Microbial contamination of milk, meat and fruit and vegetables, improper temperature control and adulteration are key issues in India, according to officials.
Sharma said e-commerce has taken off in the country, especially after COVID, and is well developed in about 100 cities.
“They are expected to have registration with the FSSAI. Some have their own hygiene protocols for the restaurants or the food handlers according to FSSAI standards. We’ve told the e-commerce platforms that when they are engaging with restaurants or people preparing food from home that they should make sure they are in turn registered with FSSAI and if they can do checks it helps us,” she said.
“Of the number of food businesses in the country it’s not always possible to reach out to people in their homes so it would be nice to make sure hygiene practices are followed by people coming on these platforms.”
Mapping out a plan
Sharma said the prize forced them to think about goals for the next three, 10 and 30 years.
“When it’s 10 and 30 years you can be ambitious but when it’s three you have to be practical. With COVID there were a lot of programs we had to postpone due to the lockdown but we could also think of some others,” she said.
“In terms of the three year goals, for any approach to be successful you can’t work by yourself because there is a lot of overlap with ministries also working with food, for instance, agriculture, environment, science and technology and processing. We held a meeting with these departments and came up with a roadmap for the next year where the concept of Eat Right is going to be incorporated into all these partners messages also.”
The second thing is using the COVID lockdown time to strengthen the stakeholder network because most conversations are via webinars or online meetings.
“This is the time to connect with like-minded people and tell them about Eat Right.
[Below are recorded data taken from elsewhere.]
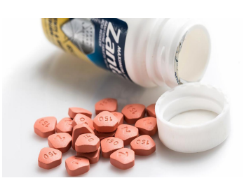
Zantac Class Action
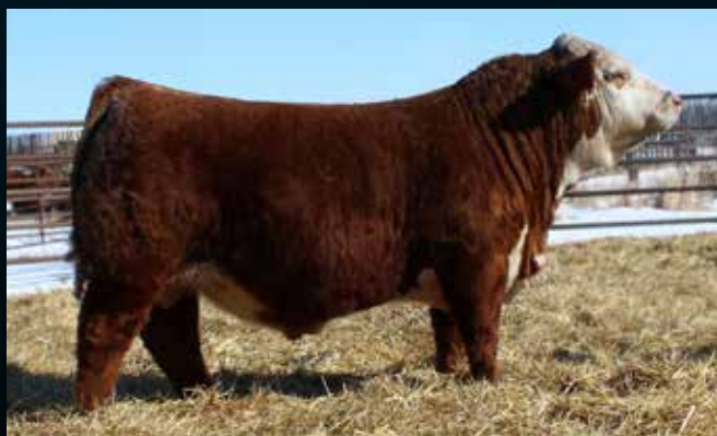
RSK SCK 7165 DOUBLE DOWN 30H
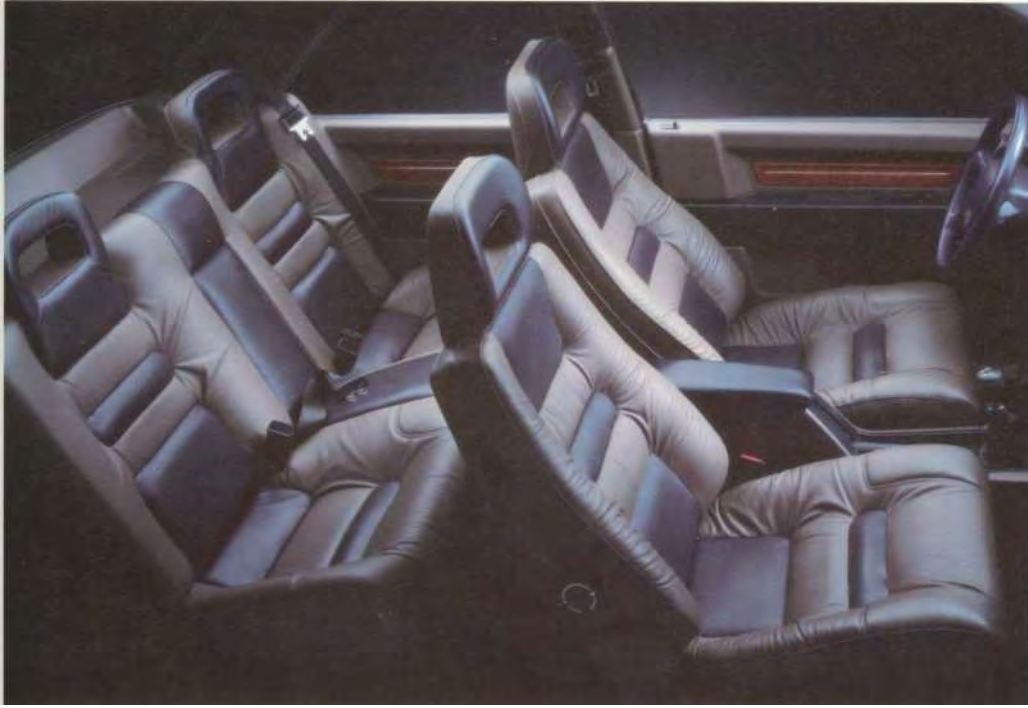
Heated, orthopedically-designed front bucket seats help cradle the body. Offer 8 different adjustments at the touch of a button. Feature manually operated lumbar support, too.
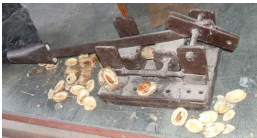
Figure 3. The table mounted experimental machine during testing

The experimental machine (Figure 3) was tested with 100 sun-dried dika nuts which were randomly selected from a lot obtained from a local market in Ile Ife, Nigeria. The moisture content of the nuts was determined by oven-drying at 130°C for 6 hours (ASAE, 2003). The sample was divided into three batches of 20 nuts each, to provide for replications. Each of the nuts was compressed along the transverse axis as suggested in a previous report (Ogunsina et al. , 2008). The actual deformation of the nut before it was cracked was measured as the change in the position of the slider. Based on the relationships reported earlier (Ogunsina et al. , 2008) energy utilized in cracking the nut was estimated, using the deformation.
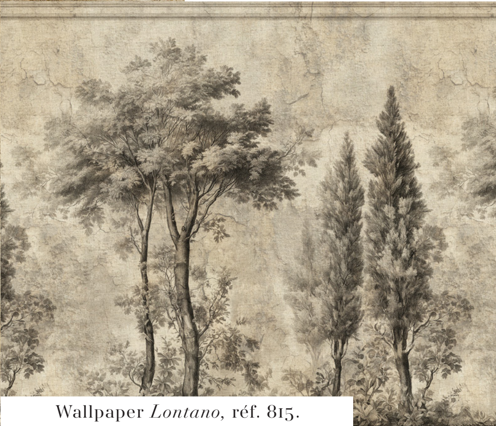
Wallpaper Lontano , réf. 815.
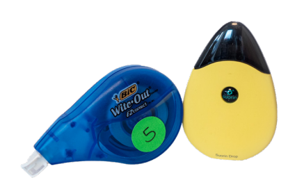
SOURIN Small reusable vape device that is commonly used for its small discreet look.
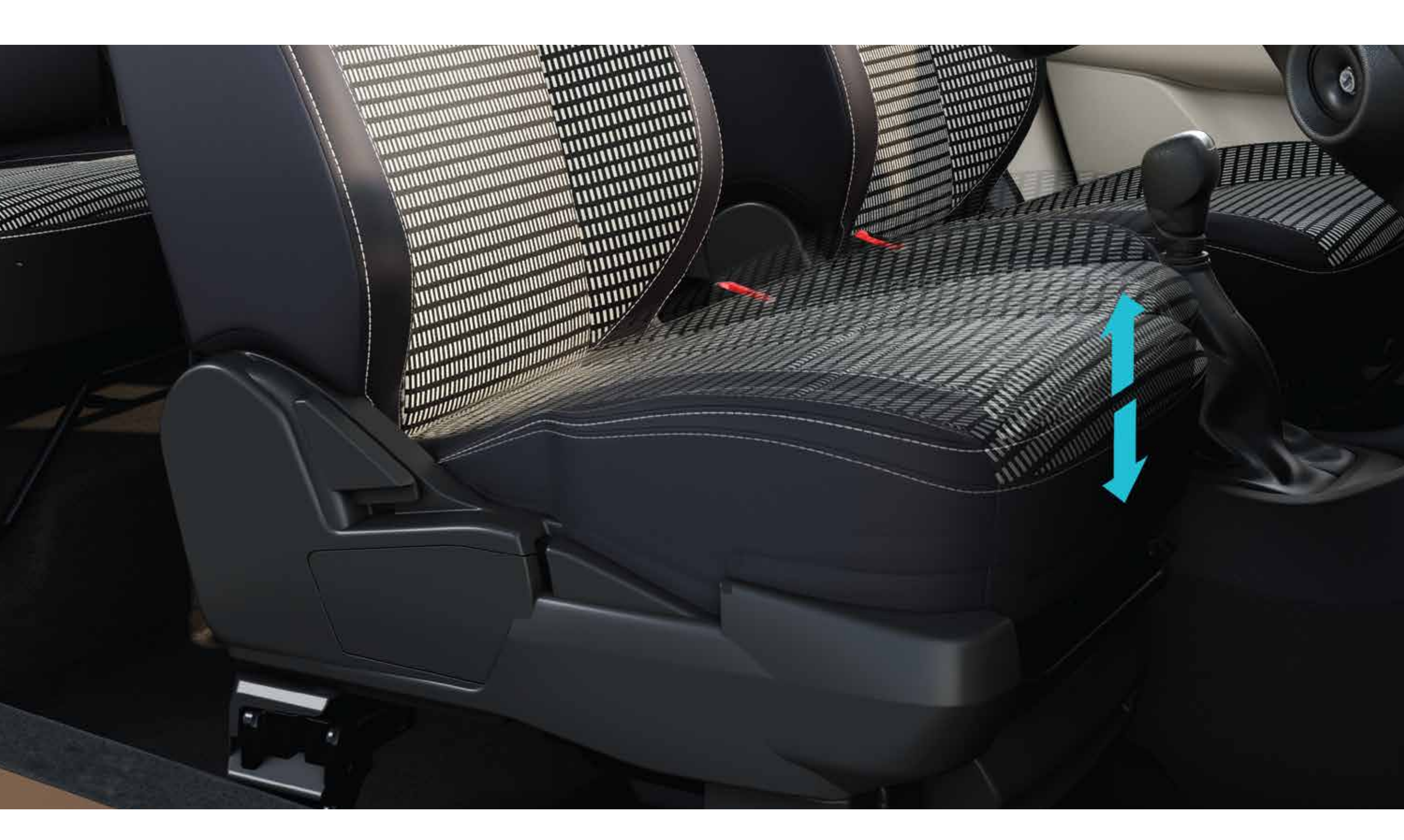
six way adjustable driver seat
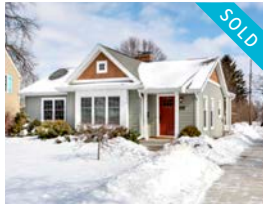
278 KENSINGTON DR
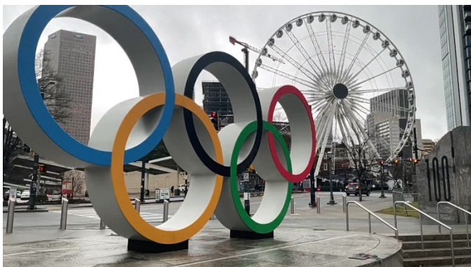
Image of Olympic Park in Atlanta, GA

Thank you to everyone that participated on-site and virtually for the meeting in Atlanta. For this meeting our group accepted 64 of 68 submitted abstracts for presentation. In addition, we sponsored or co-sponsored 4 Symposia, 6 On-site Interactive Talk sessions, and 3 Completely Virtual Interactive Talk Session at this meeting.
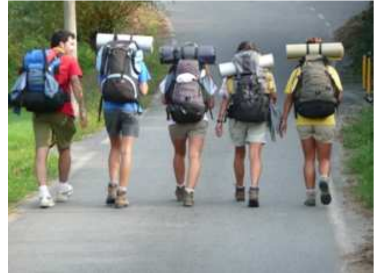
Setting out on the Camino Portugués

(Like the albergue at Teo this hostel may be useful to pilgrims wishing a short day before departing for Santiago and the Pilgrims' Mass the next day)
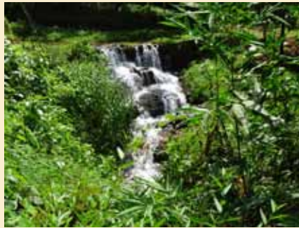
Waterfall near the temple
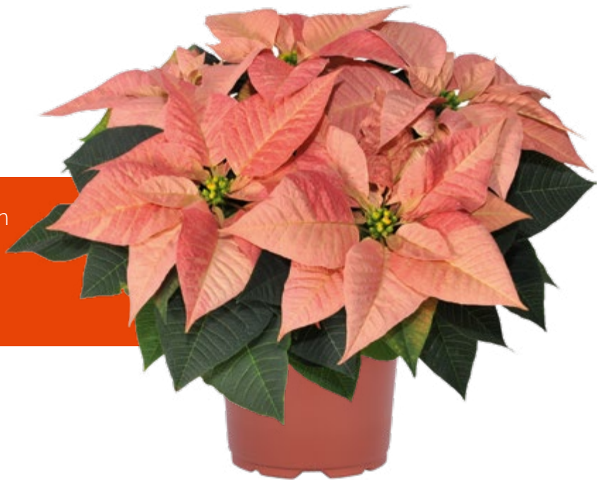
Matinee Glitter 10153 8 weeks
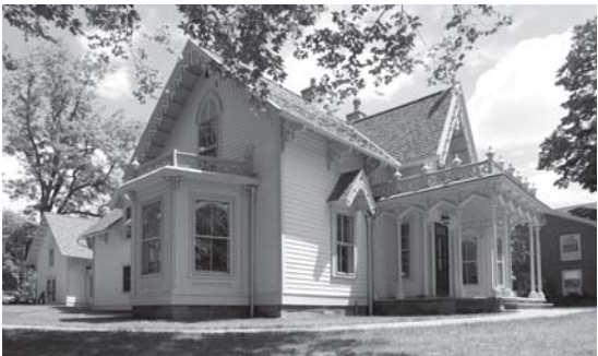
Finn House, home of the Kenyon Review
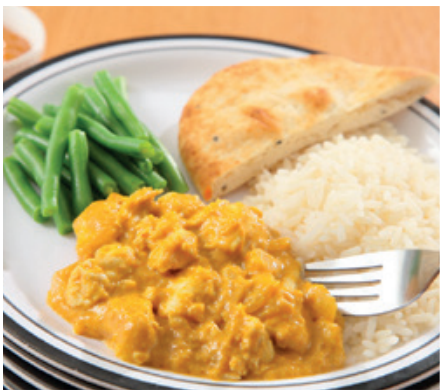
Mild Chicken Curry served with Rice, Naan Bread & Seasonal Vegetables
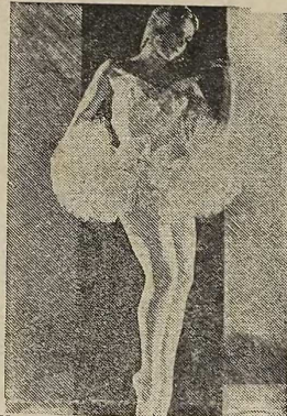
Yvette Chauvire in "Ballerina"

In "Moonlight Sonata," the Paderewski film now showing at the Garden, for a week's engagement, the great master plays, as only he can, four immortal classics, one of them being his own "Minuet in G Major."
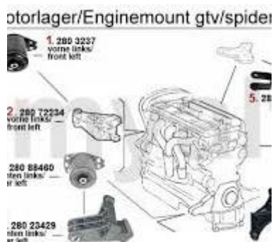
Figure Alfa Romeo ALFA GTV/SPIDER (916) Engine, Engine Parts & Alfa ...

Is Alfa Romeo made by Audi? FCA, or Fiat-Chrysler Automobiles, has owned Alfa Romeo since 2007. Although it's been more than 10 years since FCA acquired Alfa Romeo, the automaker still maintains its Italian flair within its lineup of vehicles. Automobiles like the 4C Spider and Giulia showcase just what Alfa Romeo is all about.
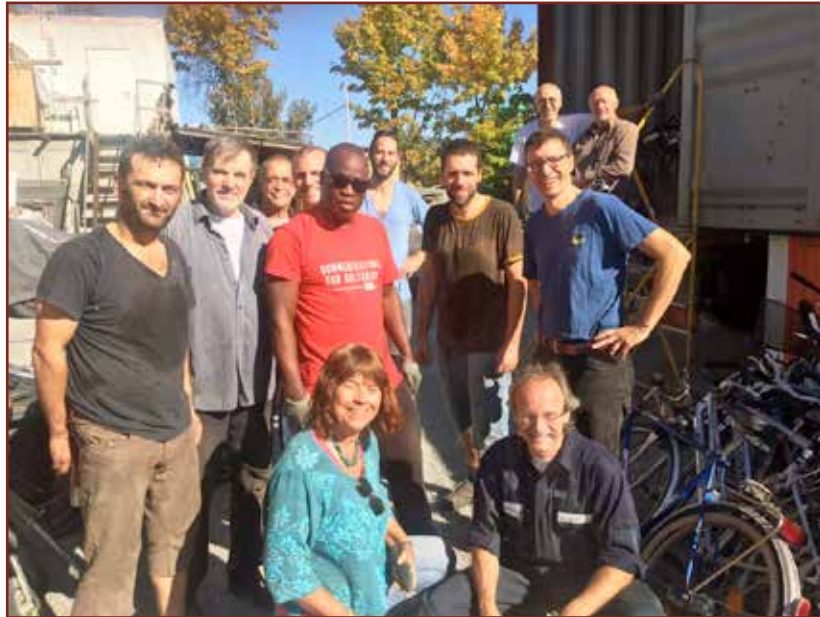
many, many helpers

This year I got the opportunity to be present during the loading up of a container. This was pure Africa! There was blazing sunshine at the Fahrräder für Afrika's village of prefab huts (the containers had to be removed out of the hangars because of some restauration-works) and an unbelievable number of people helped to load the container. Thank you to all diligent collectors and helpers.
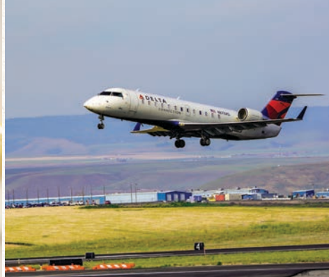
Lewiston - Nez Perce County Regional Airport
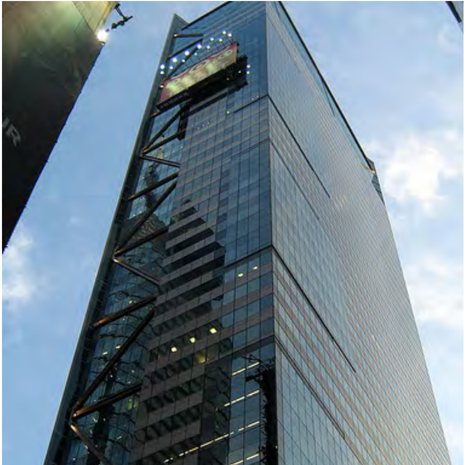
7 Times Square

Being connected and monitored in this way, all thermostats can "see" once the desired temperature is satisfied, and will slow down the fans by as much as 50 percent or more, saving massive amounts of energy. The building's five cells are responsible for producing the more than five thousand gallons of air conditioning that is used in the building. By the middle of the day, this state of the art system allows electricity usage to drop by half. Before 10 a.m. on a stifling June day, the machines were
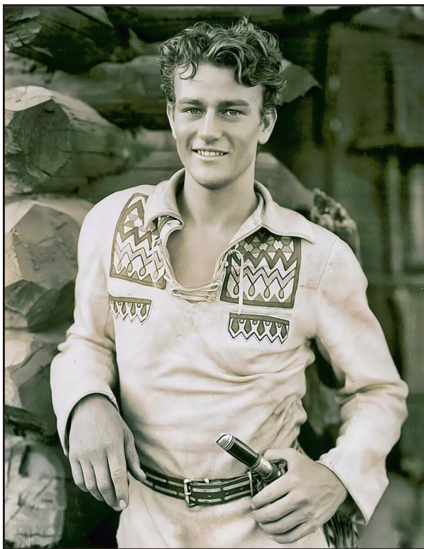
I bet you didn't know Wayne ever looked like that

people don't want to sully him. The third possibility is that he is exponentially more powerful than even some like Tom Cruise, and can control the media to a far greater extent. I don't know any more than you do, but I would guess it is a combination of all three. Nicholson is like the John Wayne of his time: an obvious gay who no one wants to be gay, so he isn't.
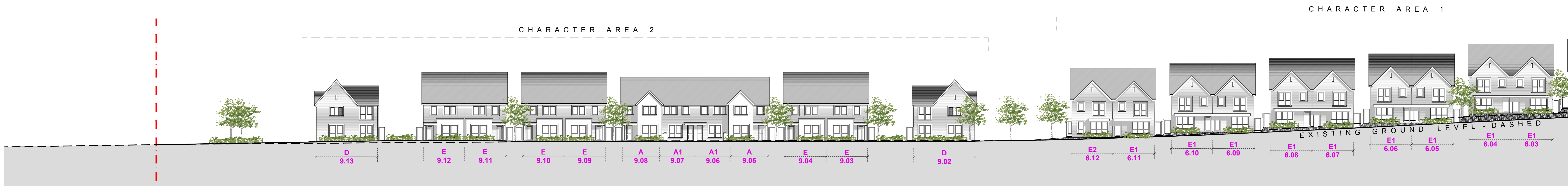
Section CC 2 1:200 @ A0
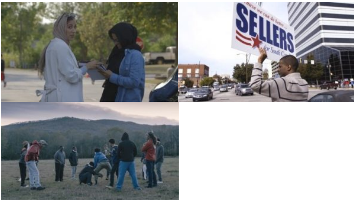
THE FEELING OF BEING WATCHED, WHILE I BREATHE I HOPE, WRESTLE
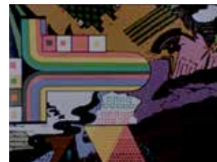
Eduardo Paolozzi Kakafon Kakkoon 1965, film still

The two earliest surviving films by the important 20th century British artist, made from collages of found images and original musical scores.
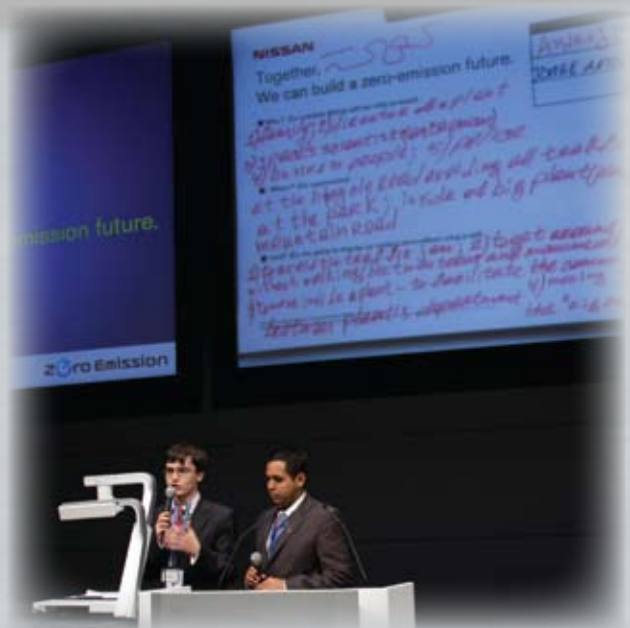
APEC Voices delegates providing feedback on Nissan LEAF to the Nissan management team.
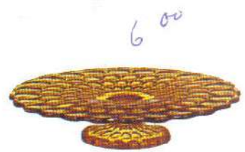
4411 CA Ftd. Cakeplate
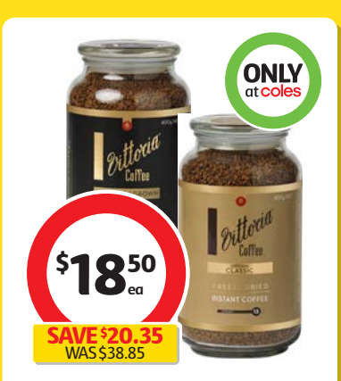
Vittoria Freeze Dried Instant Coffee 400g $4.63 per 100g
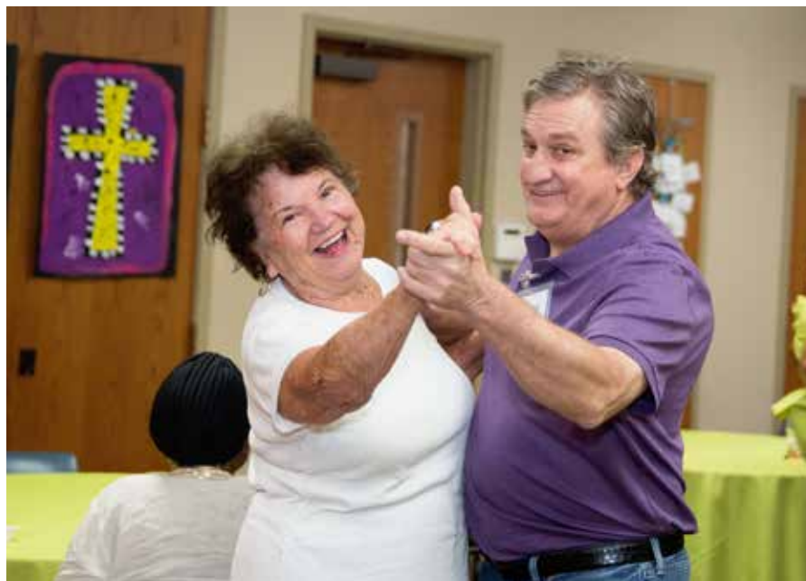
RECESS MODELED AFTER FIRST UMC (MONTGOMERY) RESPITE MINISTRY

This isn’t your typical recess. Trained staff and volunteers will lead activities and eat lunch with participants living with mild to moderate memory loss on Tuesdays and Thursdays in Highland Hall from
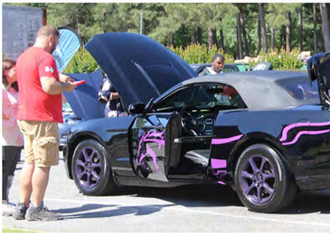
Fees were $20 per entry in the car show. That money, along with the silent auction cash from Art Wars, generated $1,176 for the Foundation.

When things go back to normal and open up then you can easily disseminate the information,” said Sharma.
“Third, we looked at each of our programs and made sure every step is clear and looked at information from the ground on difficulties in implementation to solve those issues. Fourth, we realized Eat Right is a concept that consumers were not aware of. A lot of people think if they had vegetables or fruits once in a while that’s enough, not realizing you need to have it 3 or 4 times a day. How do you reach out to people? How do you keep reinforcing the message all the time? How do I want information to be given? Those are things we are working on.
“What’s really important is to identify the most critical issue they are facing because there could be a disconnect between policymakers and what people want. You can’t just be the big brother, you have to think from the bottom up. How do you make sure people will keep pushing the program after the government changes? We’ve learned any program can be implemented with the support of like-minded people and a clear vision of what you want to achieve.”